Meeting with Christ

One of the great things about having a relationship with Jesus Christ is that He usually meets us exactly where we are. He knows each of our needs and there are numerous stories in the Bible confirming that Christ loves to engage us in our normal, regular everyday lives. We just aren’t used to meeting Him there; in unexpected places. It seems too easy to us – we should be in church, or praying, or seeking Him – but sometimes, God pursues us.

For example, if you study the book of John, and his three letters, called the Johannine Epistles, you learn in seminary that they can be read at almost any level. And by that, I mean, that if you are a new Christian, John is probably the first New Testament book you should read. John writes with such a childlike love of Christ that the book appeals to almost anybody. There is something so fresh and appealing about the way John engages his readers – no big words, simple sentences; yet the love of Christ oozes out of the pages of the book. However, if you are more mature in your walk with Christ, John still fills the need of anyone who wants to feel the love of Jesus. And that’s because the theology runs deep – but you don’t have to read it that way if you don’t want to. I know this all sounds strange – but it’s true. And you know what – when I write posts that use verses from John, as I did last night, I always get comments about how much people like the story. That’s because John’s writings have the unusual ability to meet us where we are – they speak to us in special ways.

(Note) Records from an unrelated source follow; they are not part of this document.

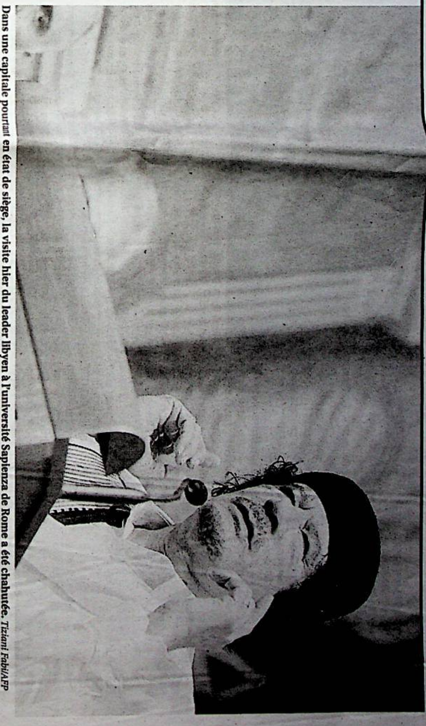
Dans une capitale pourtant en état de siège, la visite hier du leader libyen à l'université Sapienza de Rome a été chahutée.

La Libye présidera à partir de septembre l'Assemblée générale des Nations unies. « L'Afrique a droit à un siège permanent avec droit de vote au Conseil de sécurité comme la Chine », affirme le président de l'Union africaine. Quant au Conseil de sécurité, qu'il se tieme à carreau : durant son mandat, il se fait fort de lui imposer « les décisions prises par l'Assemblée générale ».
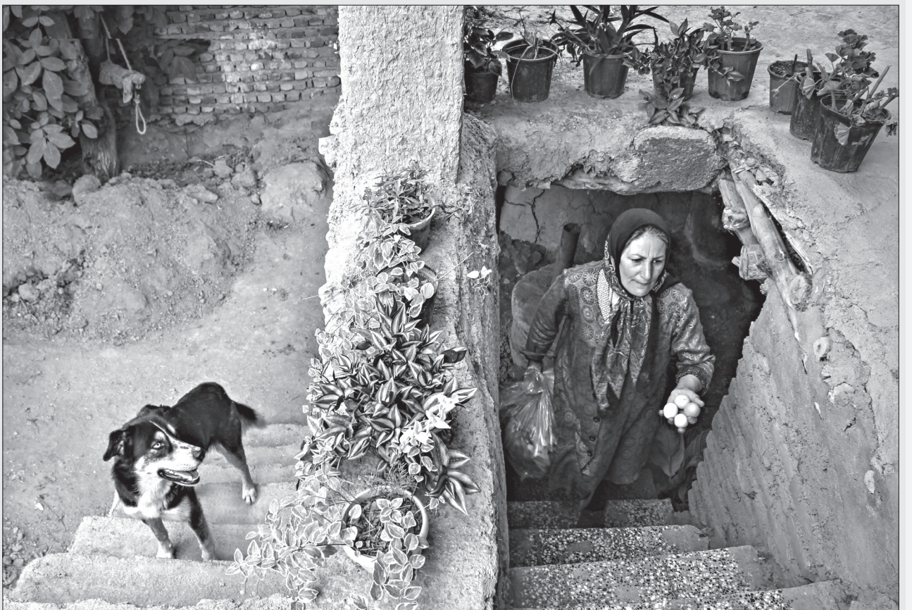
روستای شاهکوه / عکس: وحید گنجی

استاندار گلستان با تاکید بر اهمیت تحکیم روابط دو کشور ایران و قزاقستان اظهار کرد: پرواز گرگان به اکتائو برقرار خواهد شد و اولین سفر هوایی بین این دو شهر ۱۲ فروردین سال ۱۴۰۰ انجام می شود. به گزارش روابط عمومی، هادی حق شناس در دیدار با "با ایدجان ایداشف" سرکنسول قزاقستان در گرگان گفت: پس از
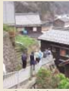
焼き板の壁を縫うようにして、細い路地が入り組んでいる。くねくねした道が心地いい。
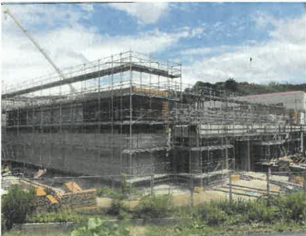
屋内運動場北面より現場全景撮影 R2.6.30 撮影
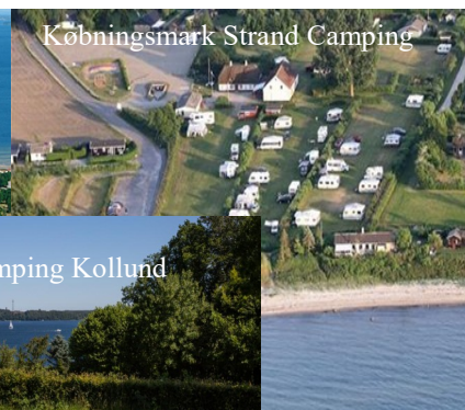
Købningsmark Strand Camping
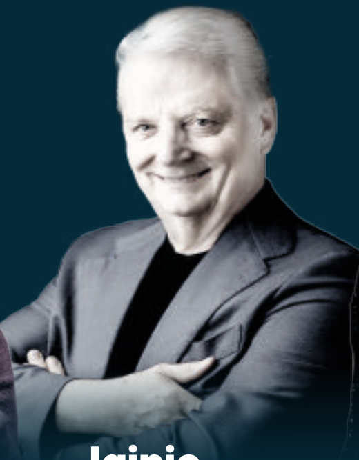
Iginio Massari Chef pasticciere
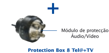
Protection Box 8 Tel@+TV
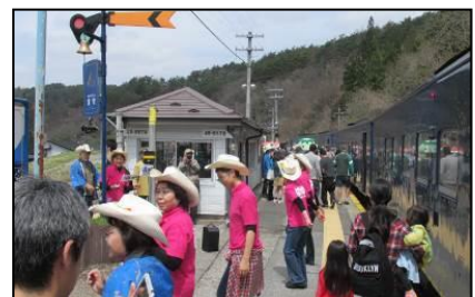
宮守駅「カントリーダンス」
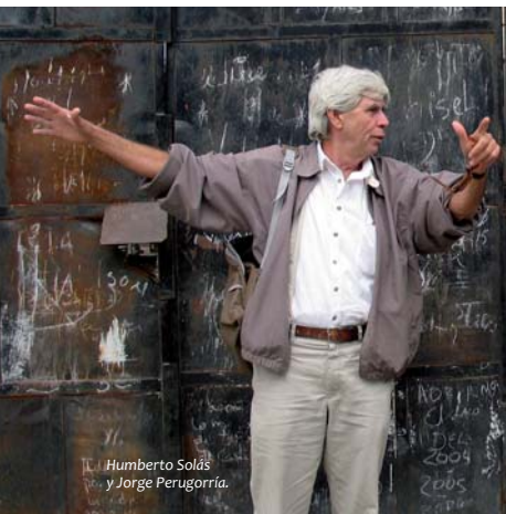
Humberto Solás y Jorge Perugorria.
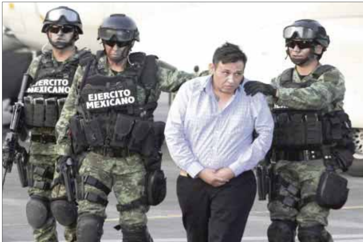
Óscar Omar Treviño Morales, El Z-42 ya suma dos procesos iniciados por delitos graves.
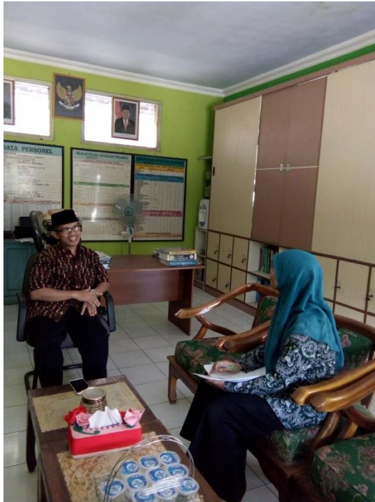
Gambar 1. Wawancara dengan Kepala MI Ma'arif NU 1 Pageraji
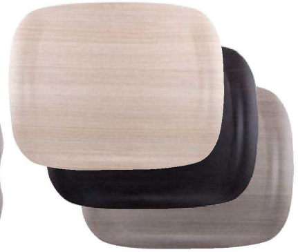
③ 困アーストレイ 大
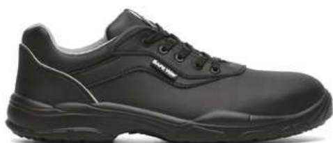
Chaussures basses de sécurité femme à usage des personnels d'entretien
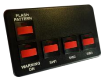
SW500 - 4 interrupteurs - 1 Bouton poussoir
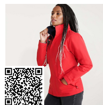
EUROPA WOMAN PK5078
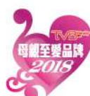
母親至愛數學教室
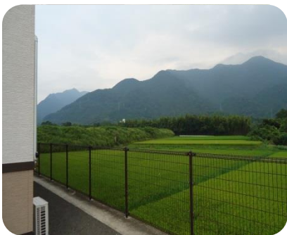
＜グループホームからの景色＞
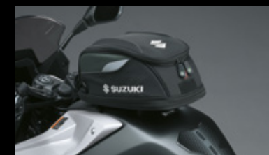
Tankrucksack (klein)* 99143-00A11-000 Strapazierfähiges Nylonmaterial mit reflektierenden Applikationen, Volumen 5 Liter, erweiterbar auf 9 Liter, inklusive Regenhülle und Schultergurt. *Benötigt wird Ringbefestigung für Tankrucksack (p/n 44200-25810-000). Maximale Zuladung: 2,5 kg. Bei Nutzung des Tankrucksacks bitte nicht schneller als 130 km/h fahren.
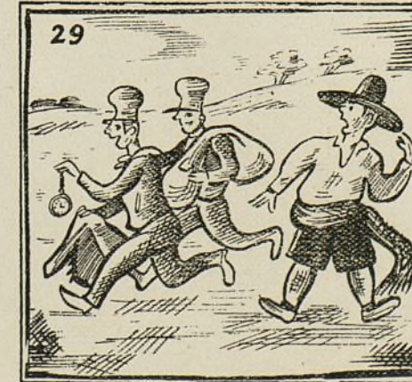
A un «isidro» dos rateros casi le dejan en cueros.
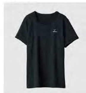
ブラック Tシャツ [6706] ¥9,900(税込) Size: M/L/XL
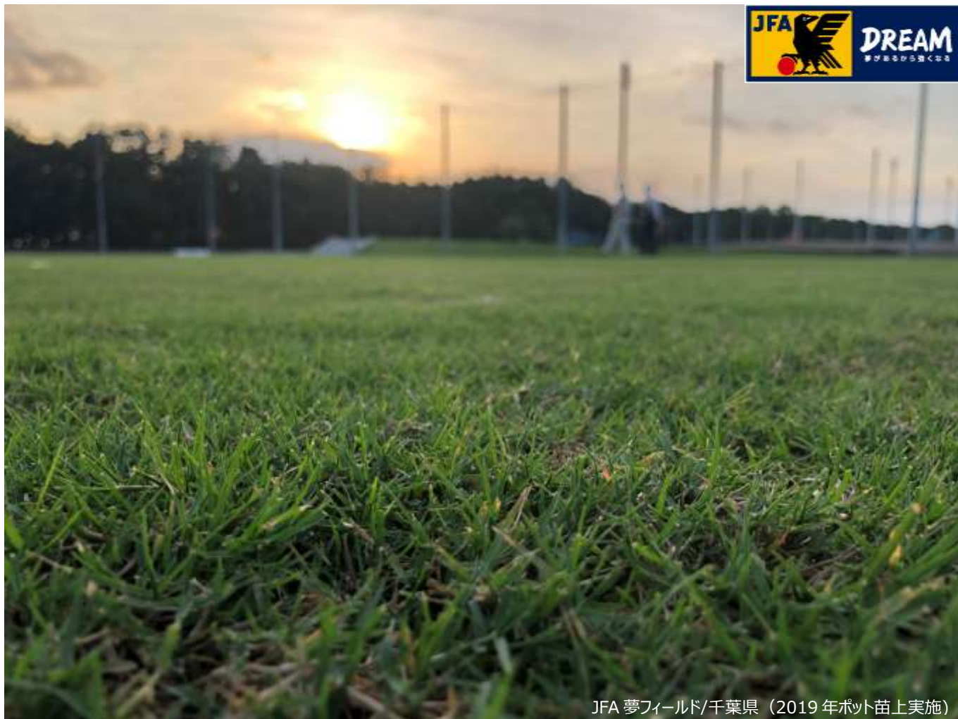
JFA 夢フィールド/千葉県 (2019 年ポット苗上実施)
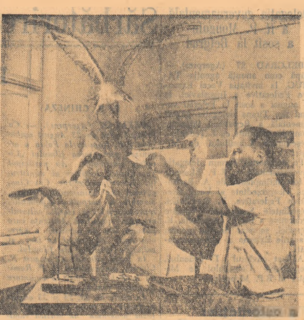
În acest an, colectivul atelierelor de materiale didactice din Capitală...
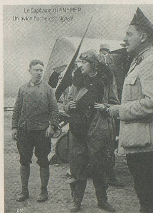
Le capitaine Guynemer a signé 53 victoires.

De grandes voix se sont tues, de superbes talents se sont éteints, des héros sont entrés dans la légende. Guynemer, par exemple, mort le 11 septembre au combat. Engagé dans l'aviation à 20 ans, en 1914, ses 53 victoires lui

And another thing; the theme of meeting us where we are runs through the entire Bible. Remember Abraham, who wandered from place to place and built an altar wherever he stopped? How did God meet him? In Genesis 18:1, we are told, “The LORD appeared to Abraham near the great trees of Mamre while he was sitting at the entrance to his tent in the heat of the day. Abraham looked up and saw three men standing nearby. When he saw them, he hurried from the entrance of his tent to meet them and bowed low to the ground.” In other words, God appeared as a traveller, or wanderer, with two other companions, presumed to be angels.

Or when Christ called His disciples, who were mostly fishermen, he offered them a chance to become “fishers of men.” So he appeared to them as somebody who had a similar mission – fishing – as they did. And how many times did Christ teach the disciples when they were in boats, or eating fish, or feeding the multitudes?

And how did Christ get the attention of Paul, in the new Testament? As a persecutor of Christians, Paul had people stoned, imprisoned and hurt in many ways. So what happened on the road to Damascus? God struck him blind, on the spot. In Acts 9:7-9, we are told, “The men traveling with Saul stood there speechless; they heard the sound but did not see anyone. Saul got up from the ground, but when he opened his eyes he could see nothing. So they led him by the hand into Damascus. For three days he was blind, and did not eat or drink anything.” Do you think this made an impression on Paul? Of course it did, because something less extreme may not have had the same impact. And Paul went on to become probably the greatest planter of churches in the history of Christianity, and he was certainly on fire for the Lord. But it all started with Christ meeting him where he was; in a way that Paul could identify with.

And so it is with us. Christ meets us where we are. And usually in a way that will be familiar to us. So if you need a friend, Christ may approach you through a friend. And if you need a compliment, maybe that is how you will encounter Christ. If you need some privacy and quiet time, Christ may approach you through the deepest recesses of your solitude. Who among us has not been rejoicing and encountered Christ through singing? You will know it when you experience it – you just have to be trained to look for and expect it.

My encouragement tonight is that you will encounter God in ways that you never dreamed possible – but look for Him where you are – He is there also. And my prayer is that you will learn that these special times are for you to deepen your relationship with Christ – just you and Him. And if you doubt all this, try reading John. I guarantee that you will encounter Jesus in the pages of this great book. By doing this, you can have the same kind of childlike faith that John had – and that Christ loves. Amen.